Jay Leno draws bumper audience, critics lukewarm
Jay Leno's closely watched new prime-time TV show drew a bumper audience of nearly 18 million viewers, cheering executives at struggling NBC on Tuesday but leaving TV critics underwhelmed.
The debut of The Jay Leno Show at 10 p.m. on Monday beat the competition to become the No. 1 network show of the night and gave NBC its biggest overall audience in that time slot since the August 2008 Olympic Games, NBC said.
The 17.7 million viewers compare to the roughly 5 million that regularly watched Leno's old Tonight Show during late-night hours, and it put the new outing on par with popular shows like the CSI crime franchise on rival CBS.
Leno's move from his former 11:30 p.m. time period to the prime-time slot five nights-a-week that is traditionally occupied by expensive scripted drama is being scrutinized by the network TV industry as it struggles to cut costs and retain audiences.
General Electric Co's NBC network has been particularly hard hit and has been in last place for four years among the leading four networks.
NBC Universal Chief Executive Jeff Zucker told reporters on Tuesday the Leno debut was a very nice start but cautioned that it was early days yet.
We're going to judge this on 52 weeks, we're not going to judge it on one night. The fact that it opened and opened so well is a great sign, and we feel great about that. But it's only one day, said Zucker, attending an investment conference in New York.
NBC has declined to publicly reveal its target ratings for the show, which costs roughly the same for five nights as does one night of a scripted drama.
But the premiere, which featured appearances by comedian Jerry Seinfeld, rapper Kanye West and comedy skits involving talk-show host Oprah Winfrey and President Barack Obama, failed to wow critics.

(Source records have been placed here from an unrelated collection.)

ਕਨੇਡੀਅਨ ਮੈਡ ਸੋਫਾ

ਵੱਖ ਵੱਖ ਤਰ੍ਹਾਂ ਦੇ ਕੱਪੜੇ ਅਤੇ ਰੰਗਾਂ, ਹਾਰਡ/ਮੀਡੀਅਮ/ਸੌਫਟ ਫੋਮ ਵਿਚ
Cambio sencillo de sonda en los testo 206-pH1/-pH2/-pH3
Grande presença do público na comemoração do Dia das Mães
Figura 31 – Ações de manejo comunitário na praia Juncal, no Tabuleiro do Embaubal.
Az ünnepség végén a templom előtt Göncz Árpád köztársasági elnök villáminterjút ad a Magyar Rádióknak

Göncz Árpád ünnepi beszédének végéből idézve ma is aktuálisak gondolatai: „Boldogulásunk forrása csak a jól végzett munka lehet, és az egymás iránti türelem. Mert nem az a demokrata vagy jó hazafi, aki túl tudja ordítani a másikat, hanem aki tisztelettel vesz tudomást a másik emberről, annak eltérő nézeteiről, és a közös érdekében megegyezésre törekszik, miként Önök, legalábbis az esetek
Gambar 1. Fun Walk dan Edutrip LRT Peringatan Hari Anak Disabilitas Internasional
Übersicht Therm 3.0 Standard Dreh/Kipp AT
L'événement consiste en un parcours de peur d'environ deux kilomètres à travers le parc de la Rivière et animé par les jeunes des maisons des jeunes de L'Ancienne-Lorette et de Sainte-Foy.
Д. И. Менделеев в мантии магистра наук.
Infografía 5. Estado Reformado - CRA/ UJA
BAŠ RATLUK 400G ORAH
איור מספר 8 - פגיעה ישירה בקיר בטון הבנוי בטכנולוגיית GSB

Sixteen minutes into the new 'The Jay Leno Show' it was difficult not to panic. This is the future of television? This wasn't even a good rendition of television past, wrote Los Angeles Times TV critic Mary McNamara.
Alessandra Stanley of The New York Times said: So much ink has been devoted to describing how Mr. Leno's new show would depart from his old one that it was startling to see how little difference there was.
Time magazine's James Poniewozik, who last week wrote a cover story declaring NBC's radical experiment The Future of Television, said it ultimately did not matter whether critics liked the new show.
It cannot be overemphasized that Leno's show is first and foremost a cost-cutting move. It's a fifth or less expensive than airing scripted dramas; therefore, what would be a bad number for 'Law & Order' would still leave NBC in the black on Jay, Poniewozik wrote on Tuesday.
Rival studios have scorned NBC's experiment and loaded their upcoming fall schedules with dramas that traditionally deliver big audiences to advertisers that fund network TV.
But on Monday, Leno's only competition in the time slot was a repeat episode of CSI: Miami on CBS, and ABC's airing of the 2006 movie Dreamgirls.